Moon Dohyun, Choi Jong-Ha
Pohang Accelerator Laboratory, POSTECH, Pohang 37673, Republic of Korea.
Department of Chemistry, Andong National University, Andong 36729, Republic of Korea.
Acta Crystallogr E Crystallogr Commun. 2017 Apr 28;73(Pt 5):755-758. doi: 10.1107/S2056989017005771. eCollection 2017 May 1.
The asymmetric unit of the hydrated title salt, (CHN)[CrO]·HO [CHN = H(cyclam) = 1,4,8,11-tetra-azonia-cyclo-tetra-deca-ne], contains two half-cations (both completed by crystallographic inversion symmetry), two dichromate anions and one water mol-ecule. The two [CrO] anions exhibit a nearly staggered conformation, with bridging angles of 133.37 (11) and 136.28 (12)°. The distortions of the dichromate anions are due to their participation in hydrogen-bonding inter-actions with the water mol-ecule and the cations. Inter-molecular hydrogen bonds involving the cyclam N-H groups and water O-H groups as donor groups, and the O atoms of the dichromate anions as acceptor groups give rise to a three-dimensional network.

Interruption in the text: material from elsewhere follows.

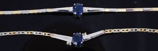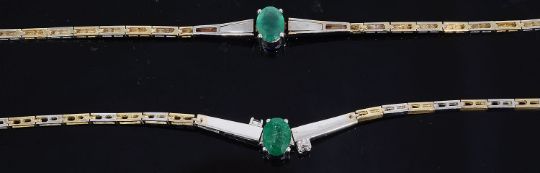 the centrepiece composed of an oval cut synthetic sapphire and to the reverse an oval cut emerald, each set with a single brilliant cut diamond, claw set between two tapering shoulders to a two colour gold bar link chain with box clasp fitting stamped 585 and a matching bracelet (2)
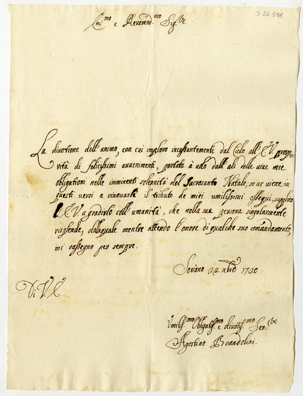 Lettera di Agostino Brandolini al cardinale Annibale Albani (1720 dicembre 22)

水合标题盐(CHN)[CrO]·HO [CHN = H(环胺)= 1,4,8,11 - 四氮杂环十四烷]的不对称单元包含两个半阳离子(均通过晶体学倒转对称性完成)、两个重铬酸根阴离子和一个水分子。两个[CrO]阴离子呈现出近乎交错的构象,桥连角分别为133.37 (11)°和136.28 (12)°。重铬酸根阴离子的畸变是由于它们参与了与水分子和阳离子的氢键相互作用。涉及环胺N - H基团和水O - H基团作为供体基团,以及重铬酸根阴离子的O原子作为受体基团的分子间氢键形成了一个三维网络。